Thursday, March 4, 2010

Spring in the Appalachians

Even after 20 years, the word Appalachian seems foreign. I'm native to the high desert ranges of the west, years later I'm still a transplant, like the rainbows and browns of my adopted riparian home. But I've followed their lead and adapted.

Snow falls of the winter of 2009-10 are reported to rival the banner year of 1960 and March may yet be a lion. I've felt slightly dirty this early spring as I've anxiously participated in the NC Hatcheries delayed harvest. A steady winter diet of "The Drake" will do that to you. But the smudges on my fishy heart didn't keep it from accelerating as I stood high on a bank and spotted the hypnotic gentle motion of a 20 inch trout drafting behind a rock in flat water no deeper than my knees and right below my high vantage point. The best part of the day was the 20 minutes dry on a elevated bank watching the trout as I switched up leaders and tied on a small Adams and plotted my taking of the first very nice fish of a new decade.
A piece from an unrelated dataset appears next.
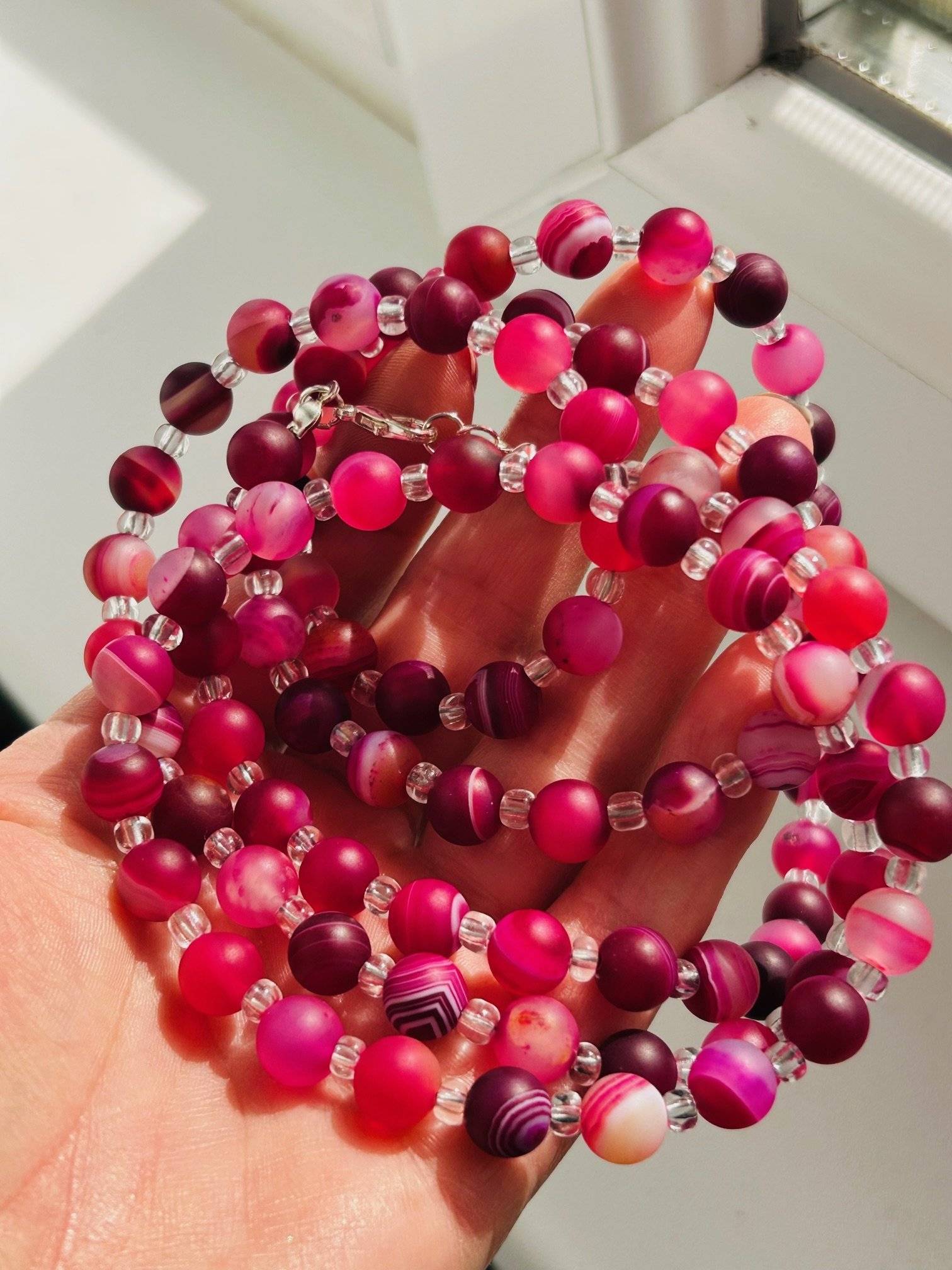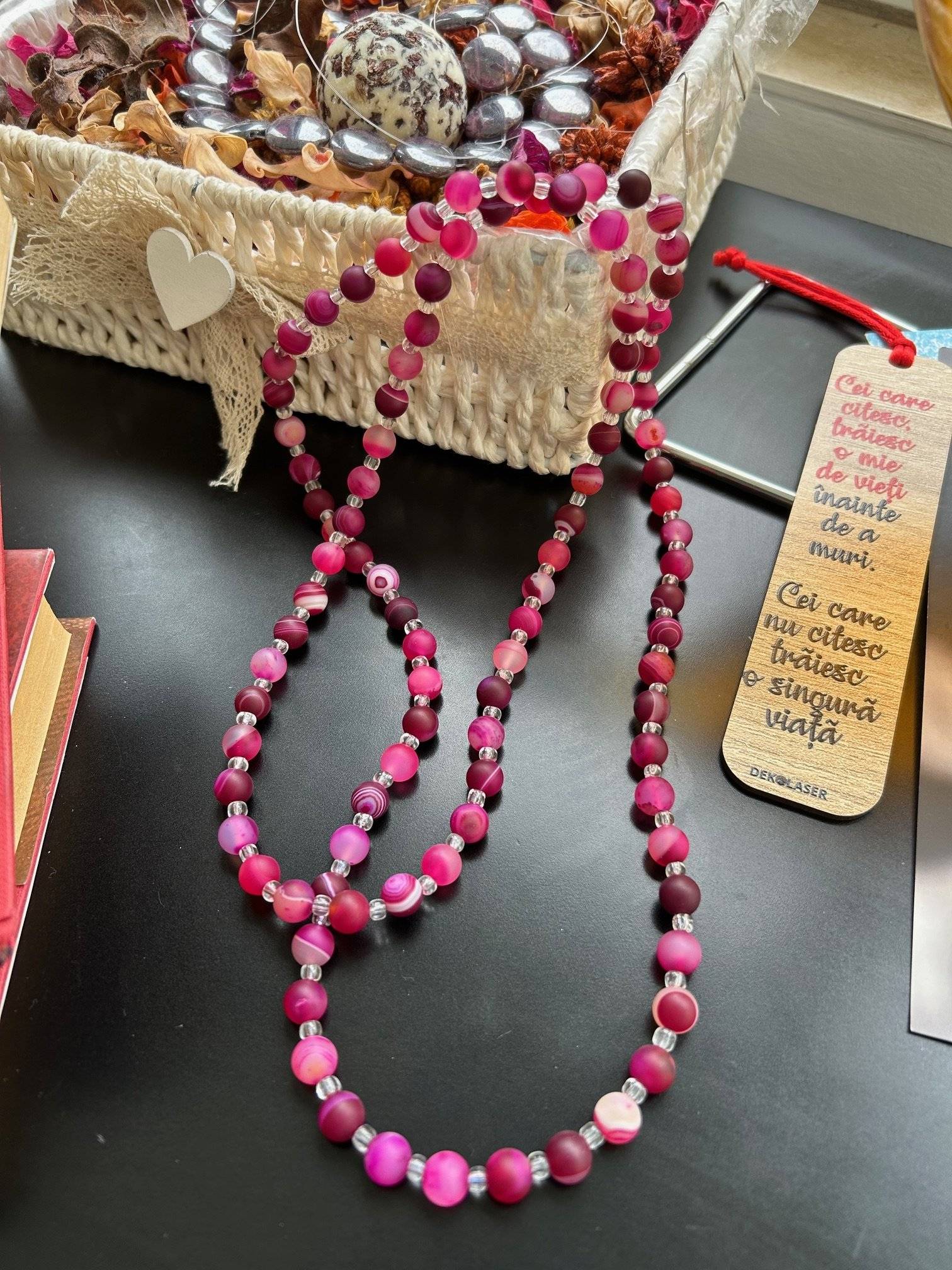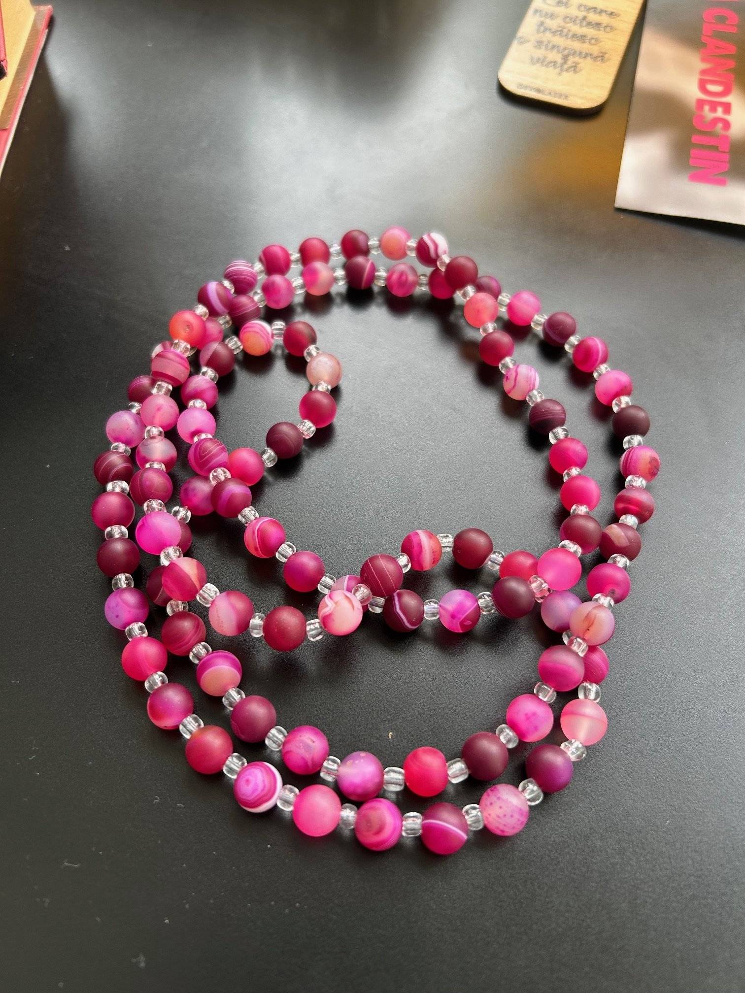 - agate dantelate fuchsia frosted, sfere semiprețioase cu dimensiunea de 8 mm;

I'll blame it on rust, but after a day of nonchalantly flinging nymphs and streamers to deep oblivious trout, the entire cast felt like an air ball from the free throw line. With no sense of timing and the pressure of a nice fish in slow shallow water, I dropped the cast hard with the end of the fly line landing about at the dorsal fin busting the previously relaxed fish from it's lair, scattering smaller trout in an impressive surface wake as it shot out of sight.

In my days in pursuit of trout I have experienced those deeply satisfying periods on the water when I am in the zone. A skilled predator reading the movements, temperament and environment of the prey. Joyfully lost in the hunt and capture of these colored writhing beautiful works of art. I'm mystically in rhythm with everything around me, a part of the system. These moments are surrounded by hours of stumbling, slipping, flailing, mumbling and chucking and feeling as foreign to the wild rolling water as a 3 piece suited Philadelphia Lawyer in a rain forest. I analyze the cause of this contrasting experience. Rarely when I'm off the water, but always when I'm in the heat of failure and frustration. "What is going on? You are better than this!" I've not found the secret inner formula but the solution is typically a foolish trout that isn't where it should be and for some unknown reason (rebellion, piscator compassion, youthful exuberance?) assaults a poorly placed fly and in the very act of instinctively setting the hook and being connected with wilderness through a length of monofilament and tiny tuft of feather and fur I'm transformed from alien to native. Synapses, capillaries and muscles twitch in synced rhythm with the environment and I stand on the threshold of top predator.